Груша слушала в некотором ошеломлении. Она явственно понимала, что Лиза описывает свои ощущения, испытанную ею когда-то страсть… К кому? Неужели к прилизанному на прямой пробор приказчику Кузьме, ее законному жениху?! Ладно! Но что ж это такое она говорит? Ничего подобного ни Груша, ни Лаура никогда не испытывали… И здесь Лиза ее обскакала?!..

Более всего стало отчего-то жаль не себя, а Гришу. Значит, если бы он полюбил не ее, а вот хоть Лизавету, так у него тоже стало бы вот так… сверкающая лестница, пение ангелов… И у Софьи Павловны, небось, с Тумановым…

Как-то Груше случилось увидеть их вдвоем на галерее в Доме Туманова. Она глядела на них из потайного места, и они ее не замечали. Софи и Туманов стояли врозь и даже не касались друг друга. Потом она что-то сказала ему, он не ответил, она капризно притопнула ногой, но… Они смотрели! Смотрели друг на друга сквозь весь мир, как сквозь прозрачное стекло. Казалось, встань сейчас между ними Груша или хоть толстая Дашка, они будут также смотреть, не заметив помехи. Леса, горы, года, океан, вся планета раскинься между ними, а они будут… И власть, и смирение, и горечь, и сладость, – все было здесь, в этом взгляде, и, стоя поодаль и не говоря меж собой, они рыдали и хохотали друг у друга в объятиях, прочнее которых не было на земле…

Господи, как же Груша ненавидела их обоих! И любила, пожалуй, тоже…

Но, когда Иосиф Нелетяга окликнул ее, а потом за локоть увел с галереи, ненависть оказалась ближе.

– Ненавижу! – прошипела она.

– Кого? Хозяина? Или Софью Павловну? – грустно уточнил Нелетяга.

– Ее, Софью… – Туманова, действительно, стало вдруг почти жалко.
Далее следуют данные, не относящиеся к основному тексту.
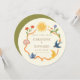 The round shape and watercolor illustration create a unique artistic feel, setting the tone for a joyful celebration.
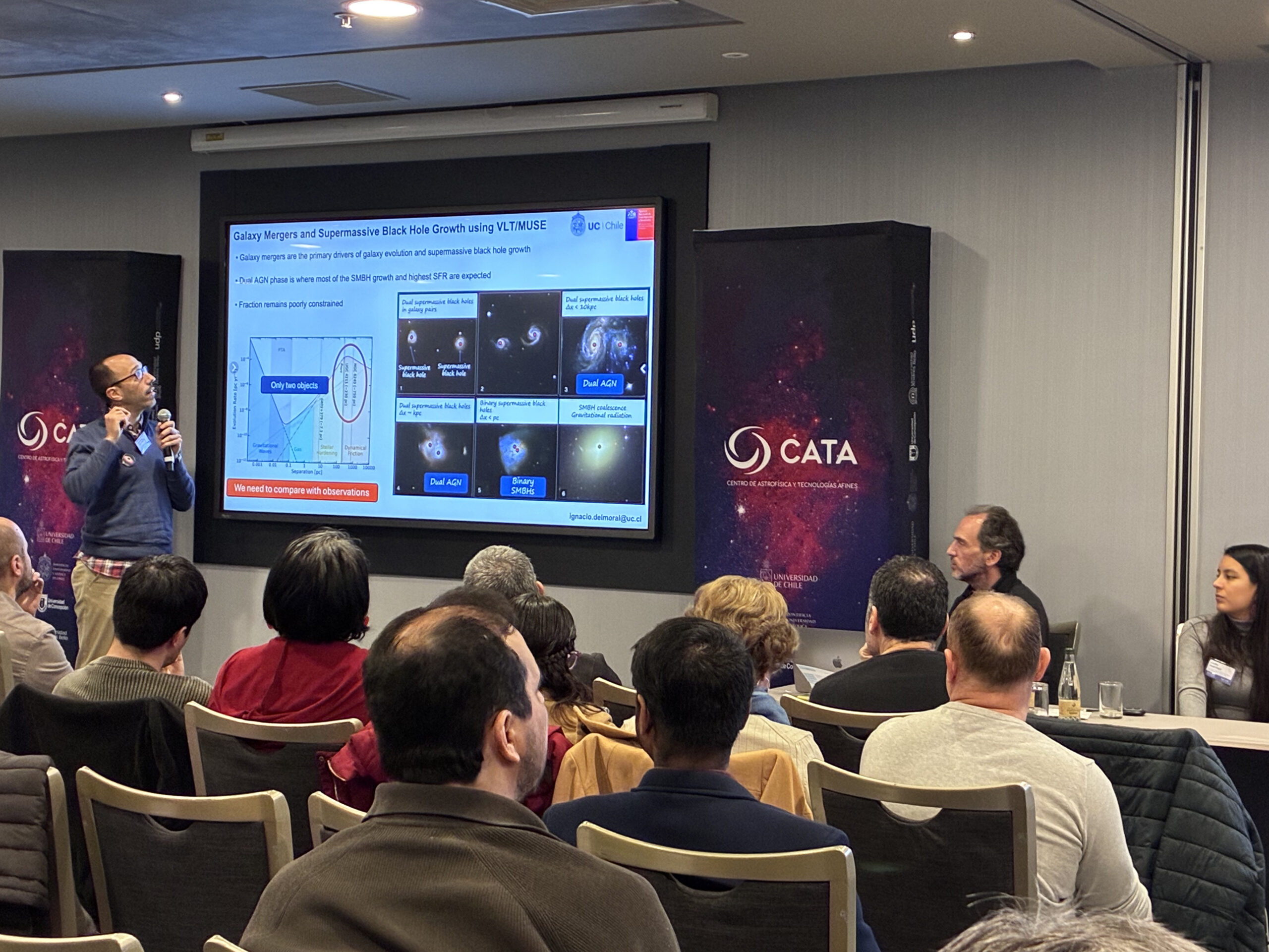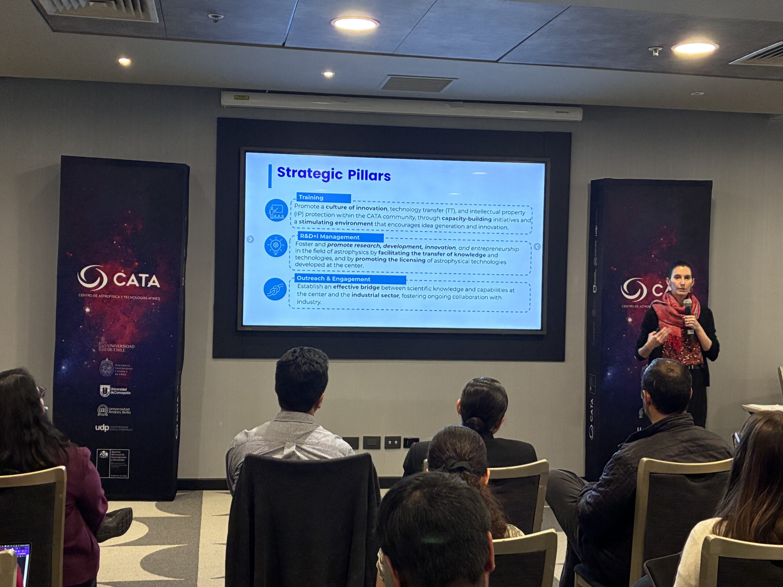 La jornada inaugural comenzó con la presentación del estado actual de CATA, a cargo de su Directora, Patricia Tissera y del Subdirector, Roberto Assef. Posteriormente, se realizó una sesión de highlights por áreas de investigación, dividida en dos bloques: el primero, dirigido por el Investigador Asociado, Timo Anguita (UNAB) la que abarcó las áreas 1 a 4 (Cosmología y Formación de Galaxias, Agujeros Negros Supermasivos, Galaxias, Universo Local), y el segundo, encabezado por la Investigadora Asociada, Bárbara Rojas-Ayala (UTA) la que convocó a las áreas 5 a 8 (Formación de Estrellas y Planetas, Exoplanetas y Astrobiología, Astrofísica Teórica, Instrumentación Astronómica).

– Природным ли предрасположением, или Божьим неизъяснимым промыслом, – в своей обычной непонятной манере выразился Иосиф. – Но рождаются иногда на этой земле подлинно свободные люди. Ничто из прежде придуманных устоев не имеет над ними власти. Их участь страшна буквально с младенческих пелен, ибо ничего ужаснее одиночества посреди людей не может случиться с человеком. Чаще всего они сами, страдая от чувства покинутости, выдумывают свои собственные законы и подчиняются им с рьяностью фанатичной и бескомпромиссной. Тем и спасаются, а также обращением к Богу. Понимаешь ли меня, Лаура? Не обстоятельства гнетут этих людей, а они сами, их собственный выбор… Зачастую из их личных находок большая польза для всего человечества выходит… Слыхала ли о Николасе Копернике? О Вольтере?… Впрочем, о чем я спрашиваю… Между тех, кто служит своей идее, или своему закону, встречаются и иные. Они встают на краю открывшейся им Бездны и бросают ей вызов…

– А что ж Бездна? – Груша не поняла ни слова из сказанного, но, как натура чувствительная, была захвачена драматизмом и напряженностью нарисованной Нелетягой картины.

– Бездна смеется, – неожиданно ответил Иосиф.

– Отчего ж? – нервически передернула плечами Груша.

– Эти люди – ее собеседники. Она рада им и готова делиться с ними до последней возможности…

– Эта Бездна – Дьявол? – замогильным шепотом спросила Груша.

Видение Софи Домогатской, беседующей с… (чур, чур, чур меня!) захватило ее целиком и полностью. Особенно пленительным и ужасным казалось то, что, по утверждению Нелетяги, оба собеседника от души веселились за беседой…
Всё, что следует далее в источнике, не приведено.